* [Exercise prompt] All lines from the one containing "BLACK FORREST CARVED" through the end of the material are to be given back exactly, without pictures.

=== Given data ===

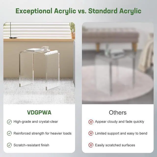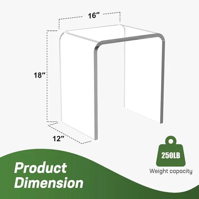 Solid Thicker Acrylic - Made of 15mm thicker molded acrylic with one-piece technology. 250 LBS weight capacity is sturdy enough to support anything such as laptops, plates, magazines, books or any exhibits and can be used as side table, nightstand, or vanity stool.
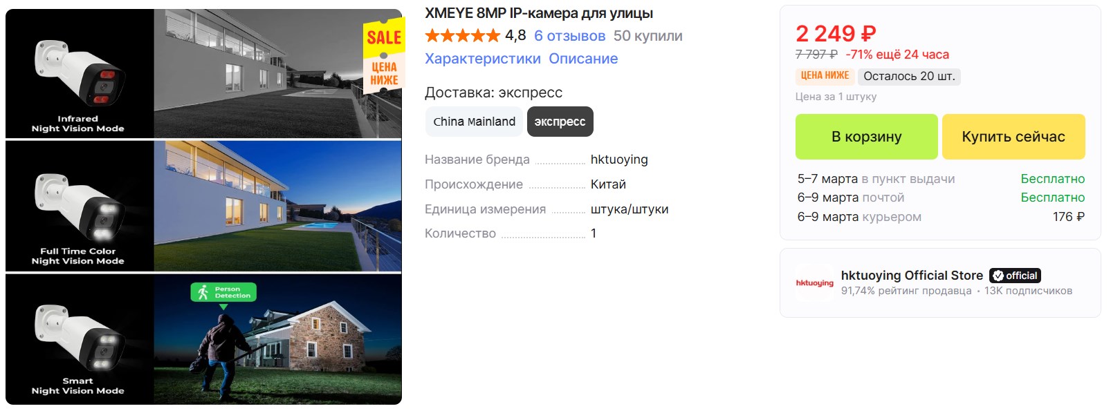 Привет. На Али сейчас уличная IP-камера XMEYE с 8 МП за 2249₽, доставка быстрая. Объектив 2,8 мм, поддержка ONVIF 2.4. Питание PoE (один кабель на всё), кодек H.265 экономит место. Встроенный микрофон, детекция движения с уведомлениями, можно задать область маски. Защита IP66, ИК-подсветка до 30 метров.
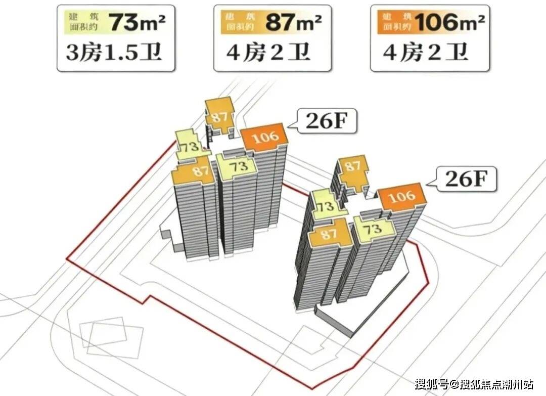 户型:约73平三房、87平四房、106平四房三个户型
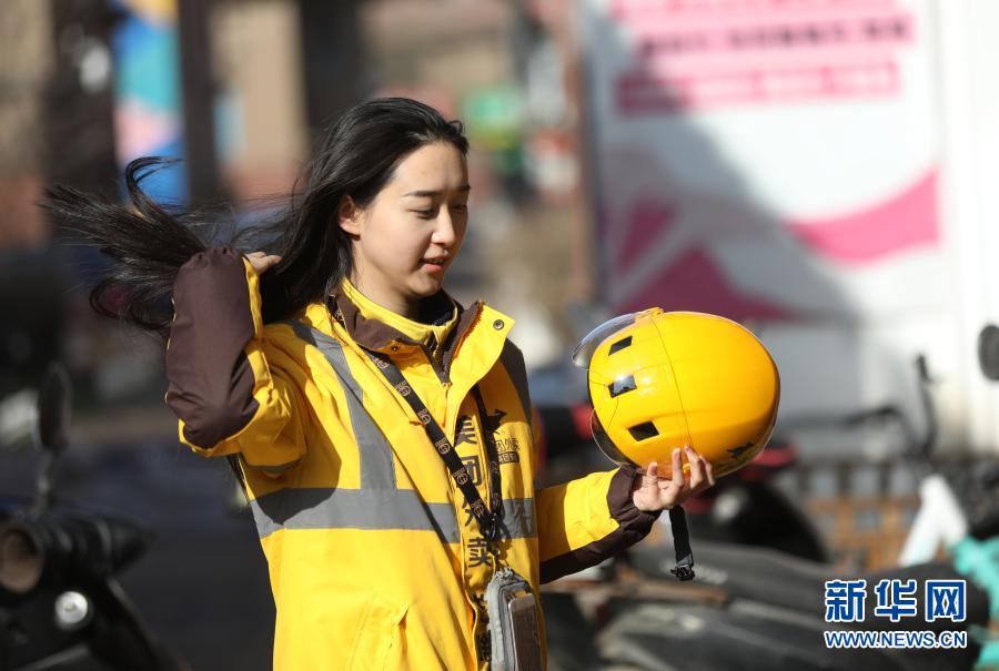 2月10日 ,美團專送騎手小月月送餐結束回到配送站點。新華社記者 楊青攝
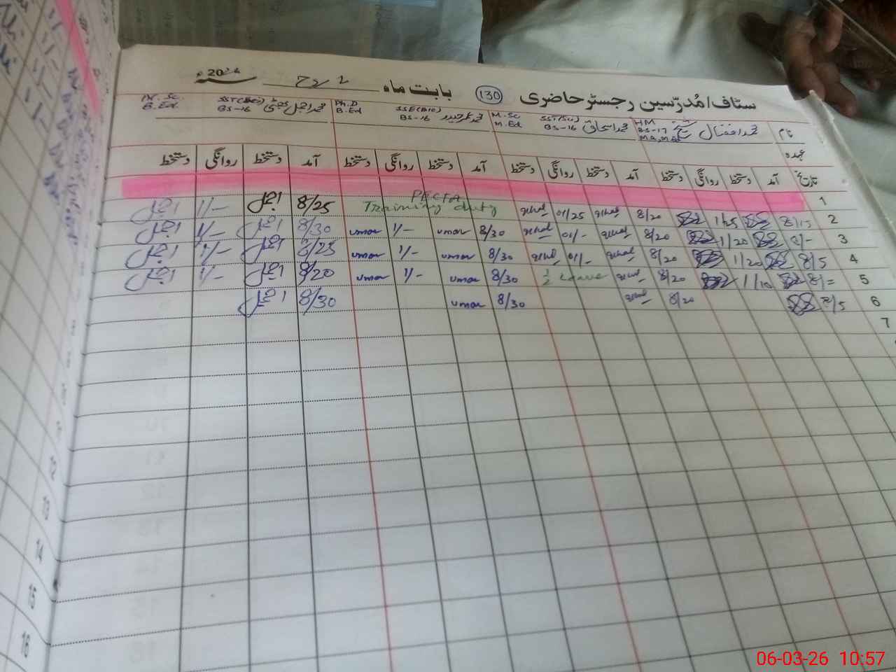 | CNIC | Full Name | Designation | R/C | Absence During Last Calender Month |
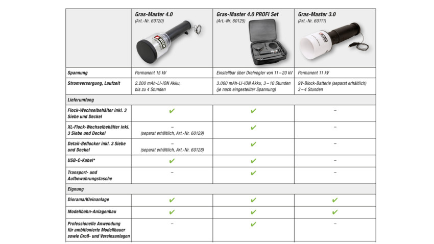 Der NOCH Gras-Master 3.0 PROFI wurde für höchste Ansprüche von Modellbau-Profis entwickelt. Eine Leistung von bis zu 16kV lädt die Gras-Fasern elektrostatisch auf.
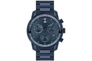 This Movado BOLD chronograph timepiece features a blue dial with 3 subdials, tachymeter scale and a date window. The watch includes a 44mm stainless steel case with stainless hands and printed accents. The watch is protected by a scratch-resistant K1 crystal and is powered by a Swiss quartz chronograph movement. The stainless steel bracelet is secured with a fold-over deployment clasp and is water resistant to 50 meters.
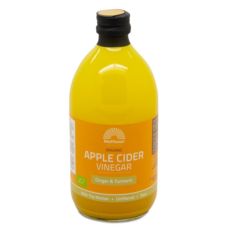 Тя изглежда като утайка и придава малко мътен цвят на оцета. Добавянето на джинджифил, куркума и натурален аромат на люти чушки към ябълковия оцет осигурява допълнителна пикантност и здравословни ефекти. Куркумата има тръпчив и леко горчив вкус и е основна подправка в индийските ястия. Тя е с противовъзпалителни свойства и е подходяща при храносмилателни проблеми. Джинджифилът става все по-популярен като лечебно средство и кулинарна подправка. Богат е на етерични масла и много антиоксиданти с редица полезни за здравето свойства. В този ябълков оцет няма изкуствени добавки.
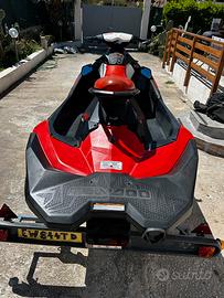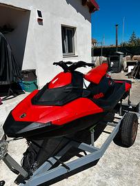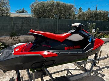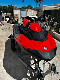 Come da titolo vendo stupenda Seadoo Spark anno 2016, colore rosso con 127 ore. La moto come già indicato ha l’IBR, quindi è possibile “frenare” e fare retromarcia attraverso una apposita leva posta a sinistra del manubrio. Tra gli optional sono presenti la sella da 3 posti, gli specchietti retrovisori (quasi introvabili su una Spark), il pedale di risalita che si vede in foto ed il gavone anteriore, oltre al telo coprimoto originale e specifico Seadoo Spark. La moto è stata appena rimessata e completamene lucidata, pronta per la stagione. Insieme alla moto cedo anche carrello non omologato (VENDO TUTTO IN BLOCCO, NON CHIEDETE DI VENDERE SEPARATAMENTE). Primo contatto via chat di subito. Evitate proposte assurde per cortesia.
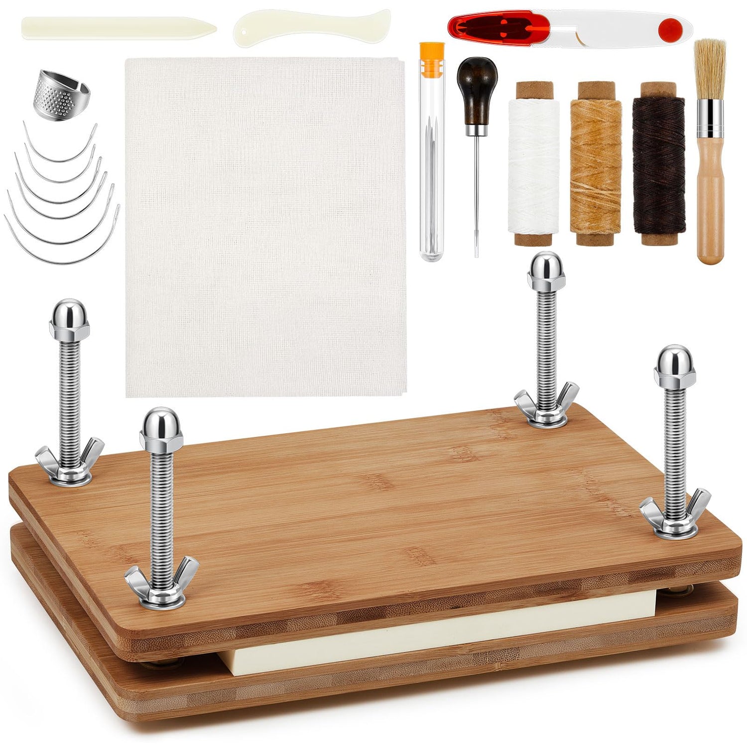 - Versatile and Applicable Tool: the book binding materials feature a multipurpose wood press, capable of accommodating various stages of the binding process; Whether to press the book, create holes in the page, or glue the spine of the book, this tool has bases covered allowing neat, professional finishes; The kit stresses ease of use, making it an ideal tool for beginners eager to learn bookbinding
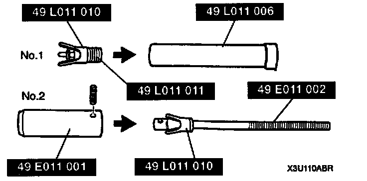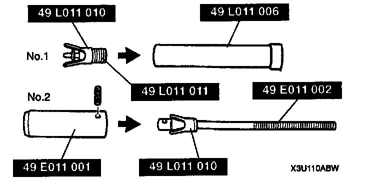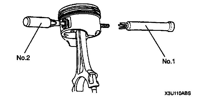 2. Insert SST No.2 into the piston pin as shown and fully screw in SST No.1.
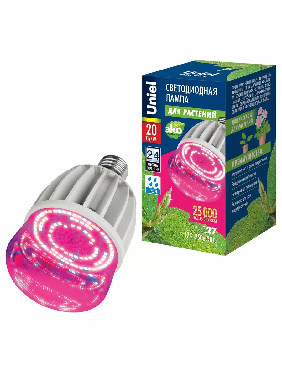 Ниже Вы можете прочитать отзывы на Лампа светодиодная для растений Uniel ALS55WH, E27, M80, 20 Вт, ознакомится с подробными характеристиками, посмотреть интересные обзоры и фотографии на Лампа светодиодная для растений Uniel ALS55WH, E27, M80, 20 Вт.
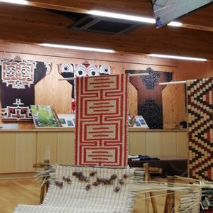左手前が一般的な生活に使われる織物です。 囲炉裏のまわりや入り口、窓の下、いろいろなところに使われる織物です。ガマのせんいはちょっと厚いので、フワフワしたクッション性もあって、座り心地は最高でした。
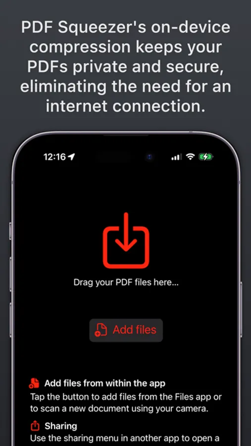PDF Squeezer's on-device compression keeps your PDFs private and secure, eliminating the need for an Internet connection.
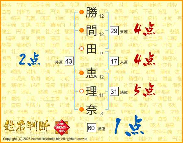 勝(12画)間(12画)田(5画) 恵(12画)理(11画)奈(8画)
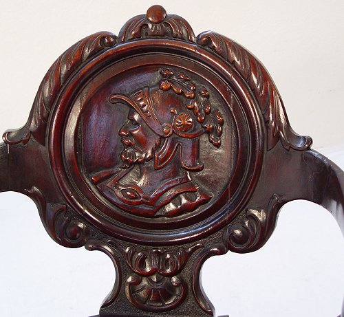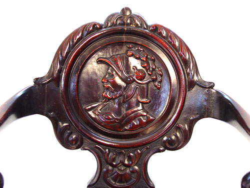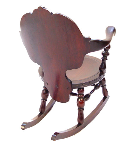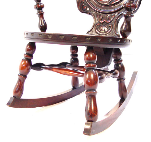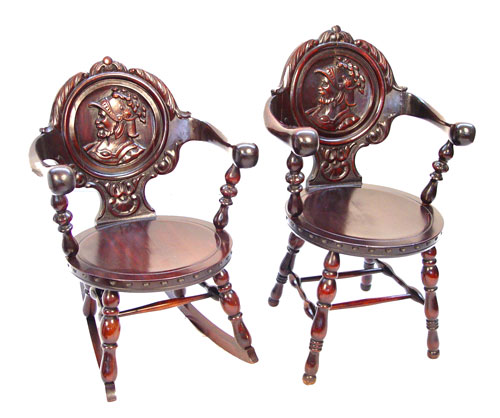 BLACK FORREST CARVED MAHOGANY ROCKER & CHAIR: Rocker is 33 1/4'' h. overall, seat 18'' d with the rockers being 30 1/4'' length. Chair is 37 1/4'', seat 18'' d. Both rocker & chair are 24'' w. overall.
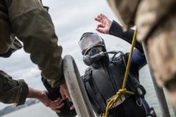 Водолаз отправляется на тренировку по подводным монтажным работам
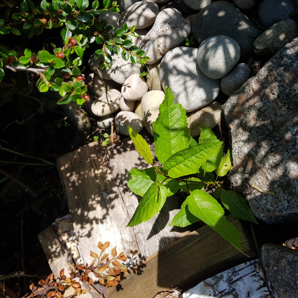 It looks like a sucker from a cherry tree root - or maybe a seedling from a pip dropped by a bird. If it's a sucker, you'll find the root it comes from, not far down under the surface. Try to pull the sucker off the root. If you just snip it off, it'll grow again!

===

* [Your solution]
 BLACK FORREST CARVED MAHOGANY ROCKER & CHAIR: Rocker is 33 1/4'' h. overall, seat 18'' d with the rockers being 30 1/4'' length. Chair is 37 1/4'', seat 18'' d. Both rocker & chair are 24'' w. overall.
 Водолаз отправляется на тренировку по подводным монтажным работам
 It looks like a sucker from a cherry tree root - or maybe a seedling from a pip dropped by a bird. If it's a sucker, you'll find the root it comes from, not far down under the surface. Try to pull the sucker off the root. If you just snip it off, it'll grow again!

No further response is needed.